HK:PM: Greg Girard’s Images of a Lost Hong Kong Light Up Victoria Harbour
Since early July, one of the world’s largest museum media screens has become a window into a vanished city.
Running nightly until September 28, on the vast M+ Facade in Hong Kong, HK:PM, is a moving-image project by Canadian photographer Greg Girard. Composed of animated photographs from Girard’s personal archive, the work offers a luminous, immersive portrait of Hong Kong during the late 20th century, a time of unprecedented transformation, known as the city's 'Golden Age'.
Located on the West Kowloon waterfront, the M+ Facade spans 65 metres tall by 110 metres wide, overlooking Victoria Harbour. Visible from Hong Kong Island and far beyond, it functions as a kind of monumental cinematic canvas: a public screen that blends architecture, moving image, and the city itself. Since M+ opened in 2021, the screen has hosted works by major international and local artists, but few resonate as intimately with the city’s history as Girard’s.
Though born and raised in Vancouver, it is Greg Girard’s depictions of East Asia—where he has spent much of his working life—for which he is best known, documenting the shifting face of some of the region’s largest metropolises. He first visited Hong Kong in 1974 and settled there in 1982, staying for over a decade during a pivotal period often referred to as the city’s “Golden Age.” The stock market had just been incorporated, wealth was booming, and a distinct visual culture was emerging: cosmopolitan, kinetic, and drenched in colour.
Girard photographed his new home day and night, capturing both the glitz and the grit: the frenetic energy of Central and Tsim Sha Tsui, the surreal density of the infamous, and now demolished, Kowloon Walled City, and the ever-present glow of neon signs. He documented nightclubs, back alleys, love hotels, airports, and waterfronts, often shooting long exposures on slide film that heightened the saturated hues and luminous atmosphere of the city at night.

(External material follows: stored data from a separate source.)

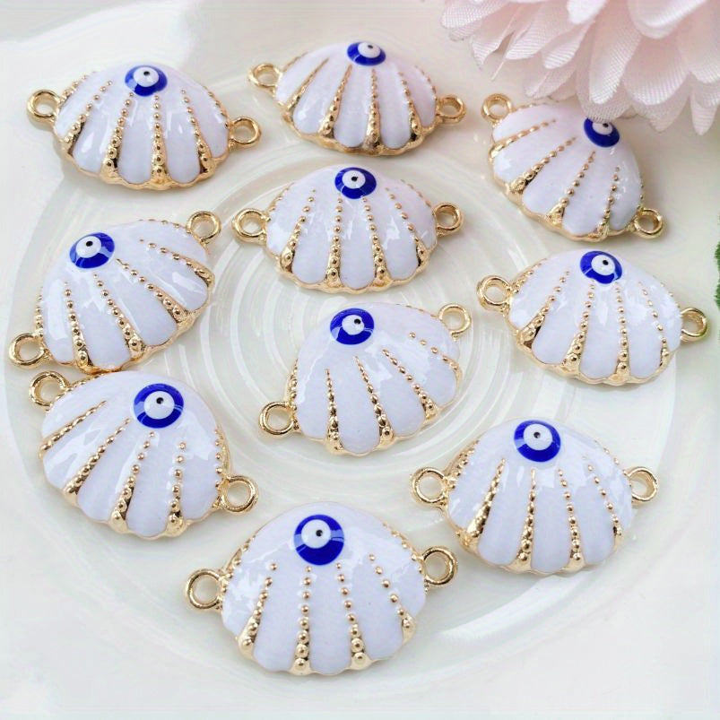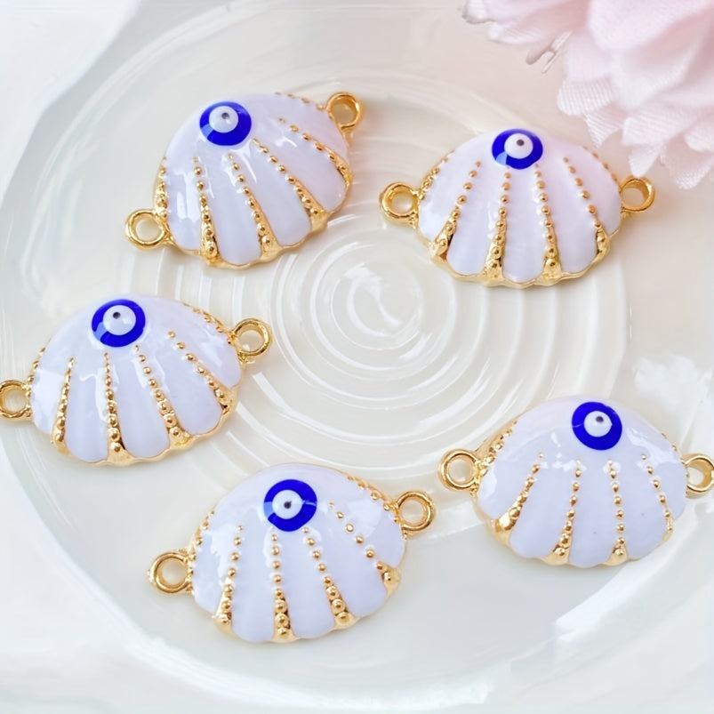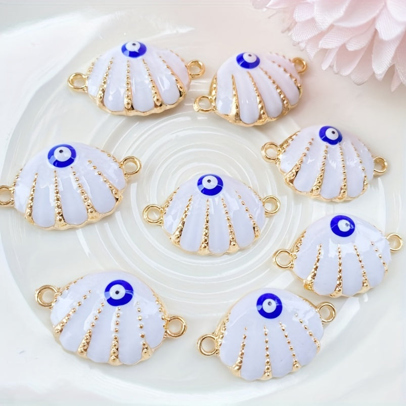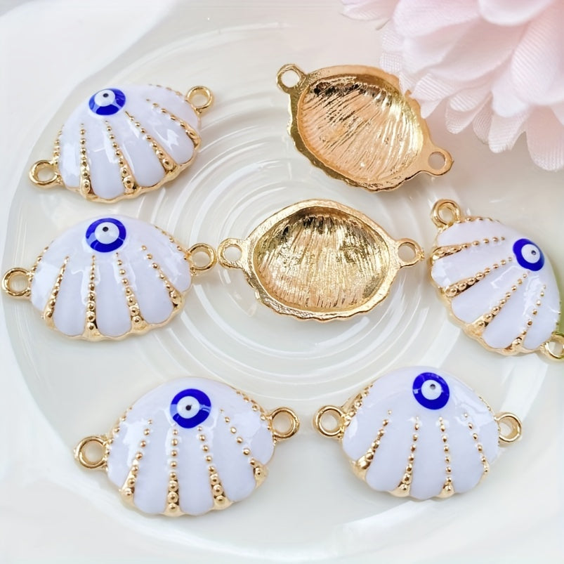 Create beautiful jewelry with these eye pattern shell double hanging connectors. Perfect for making unique and eye-catching pieces.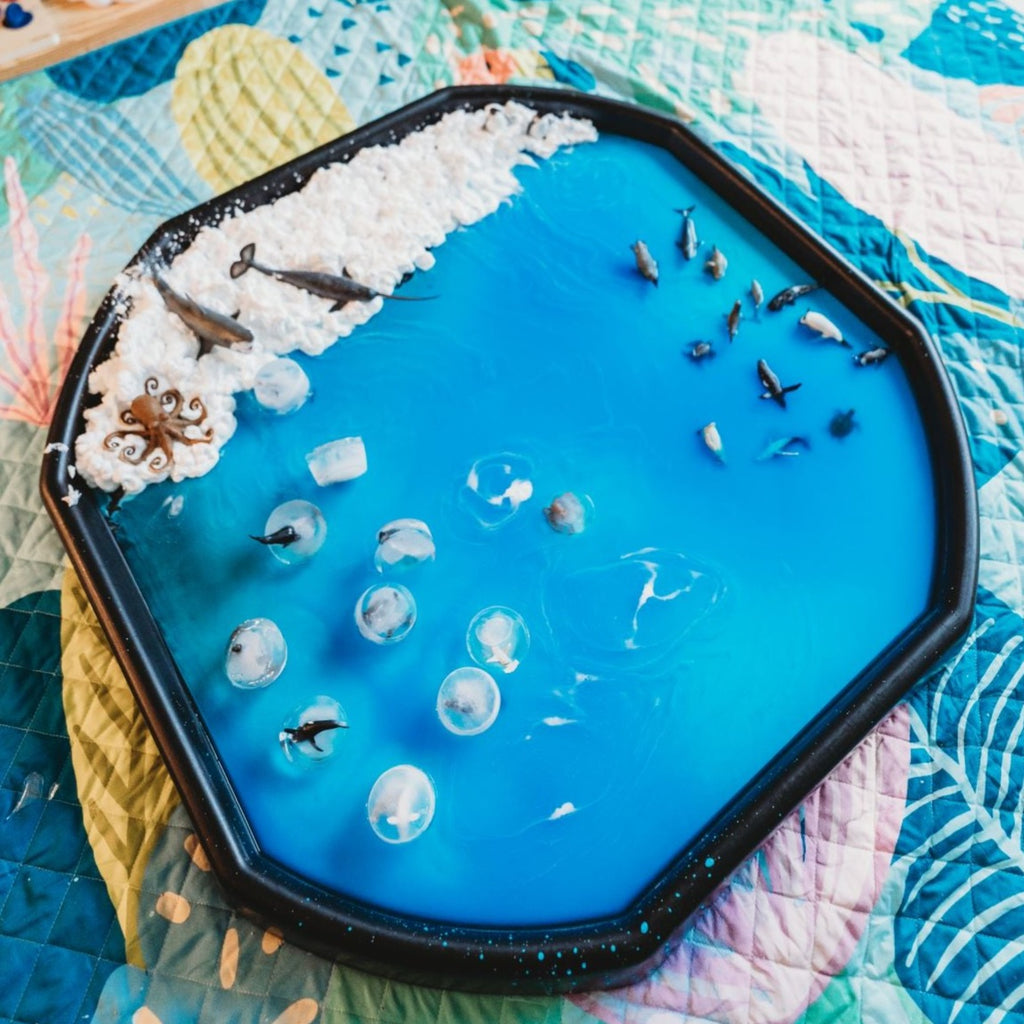 - Large heavy-duty plastic tray. It's lightweight & is octagonal shaped with raised sides which make it perfect for containing messy play.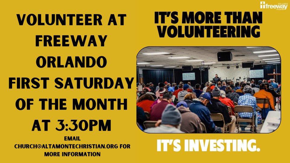 We invite to come and join us on the first Saturday of the month from 3:30pm to 7:30pm as we partner with Freeway Orlando to be a blessing to others. You can meet us at PSDBC at 3:00pm or at Freeway at 3:30pm.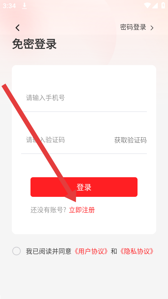 2、在個人中心頁面的登錄界面,這里需要點擊還沒有賬號,立即注冊的選項,跳轉至注冊頁面。

In HK:PM, these still images are brought to life through careful animation. Street scenes blur with motion, neon signs flicker, aircraft descend between tower blocks, and beloved icons from the worlds of film and music reappear. The sequences unfold like a dream, poetic, haunting, beautiful. Many of the places Girard photographed have since vanished; others are barely recognisable.
In this context, the M+ Facade becomes more than just a screen. It acts as a vessel for memory: public, cinematic, and architectural. Girard’s vision of Hong Kong is not nostalgic in the conventional sense. It’s observant, moody, and alive with the contradictions of the era: anonymity and glamour, density and disconnection, speed and stillness.
HK:PM is on show nightly on M+ Facade until Sep 28.